This is an exercise from Hatcher's Algebraic Topology book:
Exercise 2.1.13, pg. 132: Verify that $f≃g$ implies $f_∗=g_∗$ for induced homomorphisms of reduced homology groups.
The formal version of the exercise: If $f,g :(X,A) \to (Y,B)$ are homotopic, then $f_* = g_*:H_n(X,A) \to H_n(Y,B)$.
Is there any gap in the sequence of the proof?
Proof: By Theorem 2.10, we know that if two maps $f,g :X \to Y$ are homotopic, then they induce the same homomorphism $f_* = g_*:H_n(X) \to H_n(Y)$.

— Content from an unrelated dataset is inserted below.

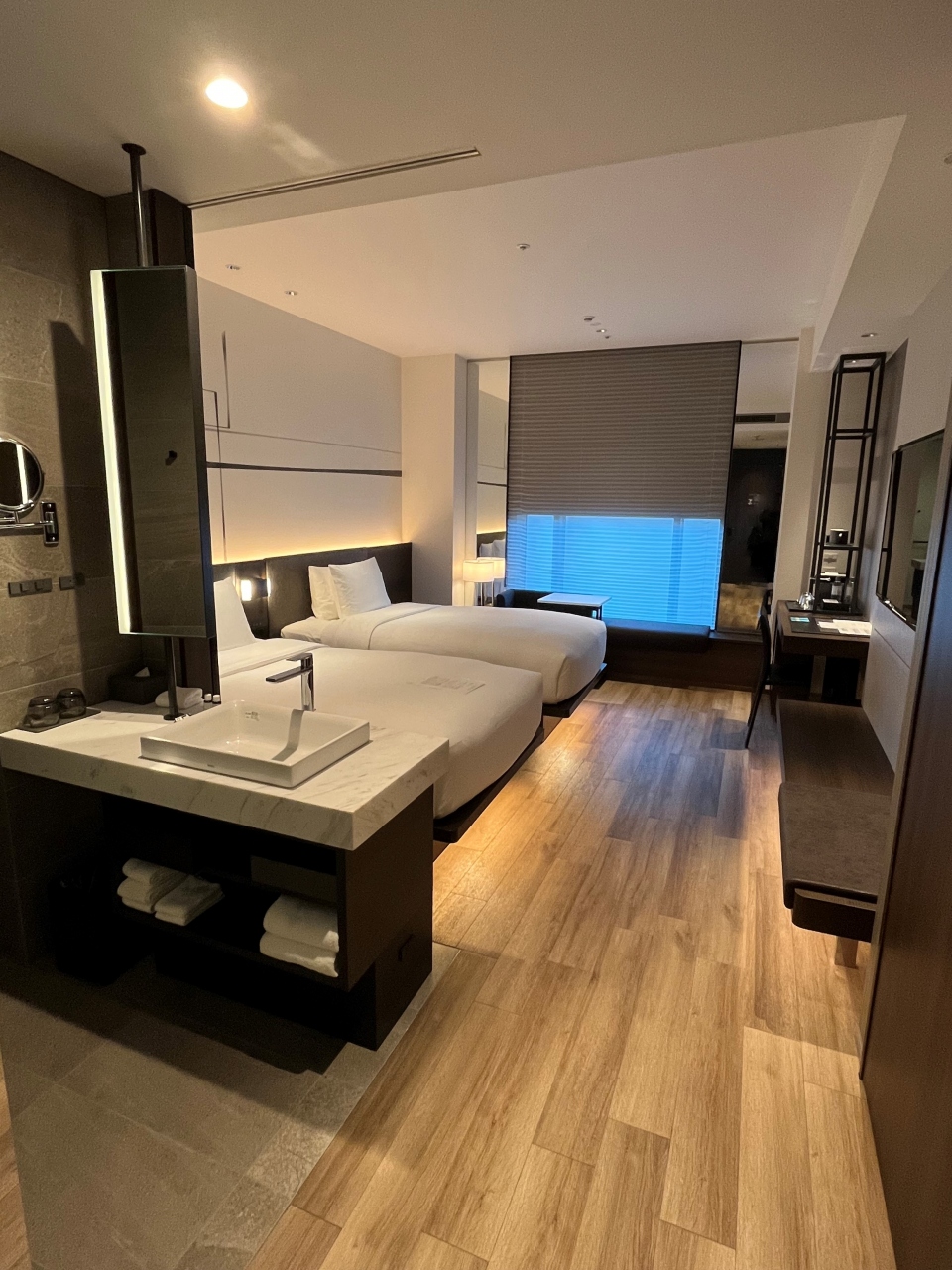 東銀座駅近くにあるマリオット系のホテルです。プライムスーペリア2ツインに朝食付きで1泊しました。新しくて綺麗なホテルで、快適に過ごせました。バスルームは洗い場があるタイプで使いやすかったです。なお、シャワーのみの部屋もあるので、事前に確認の上、予約することをお勧めします。

So, the prism operator $P:C_n(X) \to C_{n+1}(Y)$ satisfying $\partial P +P \partial =g_\# - f_\#$ clearly sends $C_n(A)$ to $C_{n+1}(B)$.
Thus, $P$ gives a natural prism operator on quotients, i.e., $\tilde{P}: C_n(X,A) \to C_{n+1}(Y,B)$ s.t. $\partial P +P \partial =g_\# - f_\#$.
Therefore $f_*=g_*: H_n(X,A) \to H_n(Y,B).$